The problem is that most people, when describing their mental state during their phases of culture shock, see the situation differently.

I heard a lot of stories about expat culture shock and adaptation. And you know what? Each foreigner gave me a different letter/sign to describe the process. Here's a few:

1) The letter L, instead of the upside-down “U.”

My friend's employee, after moving across the pond, was at first delighted with everything. He was surrounded by educated and innovative people, and had access to unlimited possibilities in the technology industry. He could take an advantage of opportunities offered only to the best and brightest, including the option to shop at organic food stores almost for free! A fairy-tale came true. Until one day he turned up at work forlorn and could not shake his depression. He felt inadequate among all this. He admitted that he did not have the strength to compete with thousands of people from all over the world. That he felt like he is suffocating in the American plywood houses, cars, malls. Instead of working he looked at the Facebook profiles of his home friends. And he started to fall ill (from stress).
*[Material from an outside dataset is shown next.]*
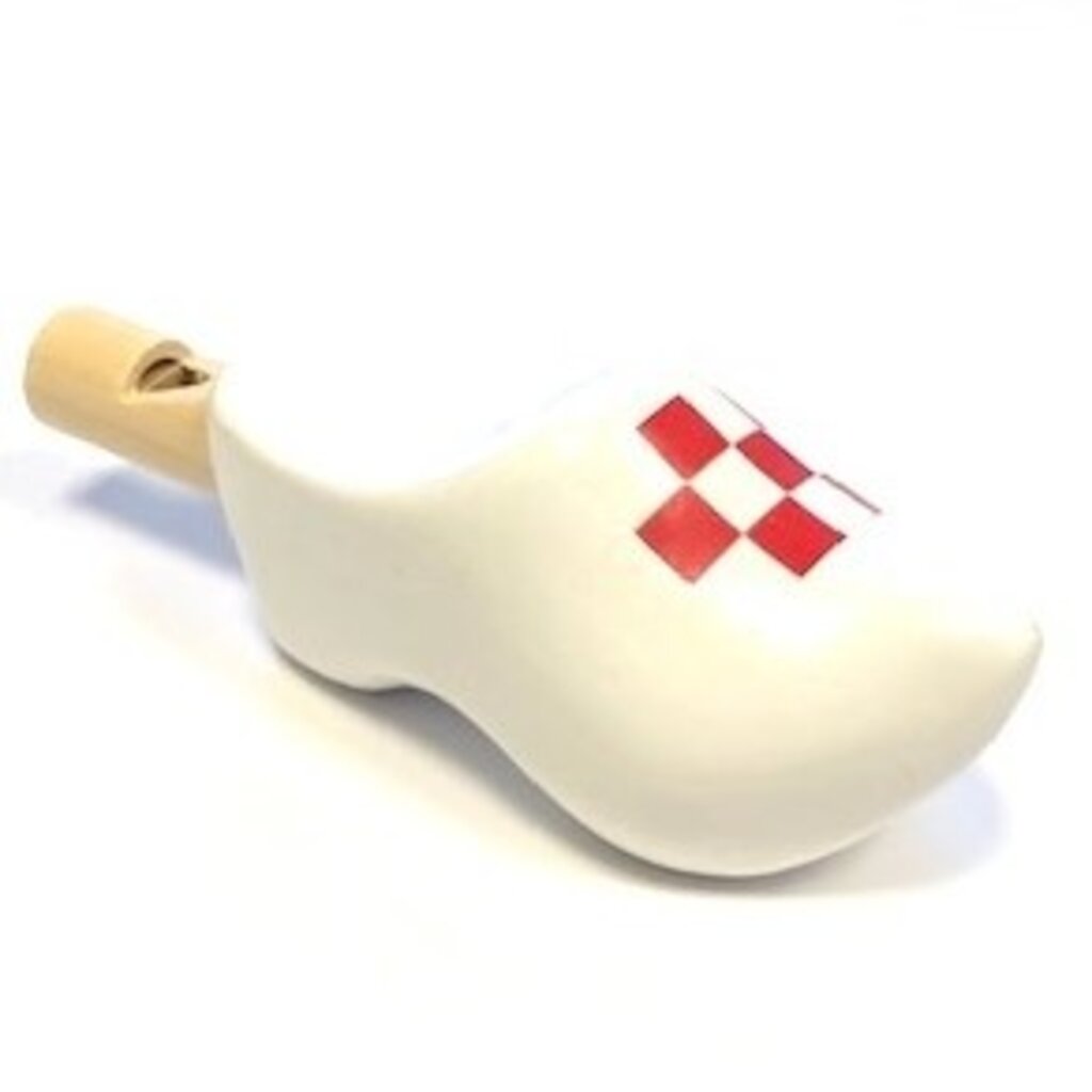 De leukste souvenirs in de vorm van een klomp met een fluitje waarop een afbeelding van een vlag is aangebracht.

2) An underscore symbol, i.e., __, for someone who came as a trailing a spouse.

Unlike his spouse, this individual did not have a USA work permit. But she left her home country anyway, and moved for the duration of her husband's contract. She complained and and complained and complained. And suffered from the very beginning. She grew bored of watching TV, but was too apprehensive to find other forms of entertainment. The prospect of leaving the house and taking the highway to the grocery store, museum, or park was too frightening. In the end all things American drove her mad. Consequently, the employed husband had to listen to his loved one’s incessant rants. No one was happy. (Managing trailing spouses during a contract is in fact a significant problem. International companies that send people abroad have been dealing with this issue for years).

3) A slash, i.e., /

When someone was satisfied from the beginning, soaked up all the new, good things in her life, did not mind the things that did not work out, tried to adjust and find her inner peace, and just kept growing.

So when does the U model of expat culture shock come from?
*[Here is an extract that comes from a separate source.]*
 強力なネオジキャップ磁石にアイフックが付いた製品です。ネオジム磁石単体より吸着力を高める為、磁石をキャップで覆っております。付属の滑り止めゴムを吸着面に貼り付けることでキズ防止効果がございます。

In the 1950s, Sverre Lysgaard, a sociology professor at Oslo University, presented it for the first time. He sought to use it to describe the cultural adaptation process among immigrants. But it was a model rather than a result of empirical research. Later, a number of researchers created similar models, but when confronted with experiences of actual emigrants, those models turned out to not be very true.

In some studies only 10% of the respondents confirmed they easily moved through the “U” phases of culture shock!

The explanation lies in our individual traits, our personality, and the new environment.

Colleen Ward, Stephen Bochner, and Adrian Furnham, the authors of The Psychology of Culture Shock explain that each experience is tailored to the individual.

So the way we manage culture shock depends on a number of factors, such as:

  • how different is the new culture from your home country’s;
  • your familiarity with the language;
  • your mentality;
  • your openness to new experiences;
  • your previous experience with foreign travel;
  • the level of tolerance and also the level of xenophobia in your new country;
  • support from friends and relatives at home and in the host country;
  • whether you have a defined role to perform in the new place;
  • and your level of independence.

What are your experiences? How do you cope? And what letter are you?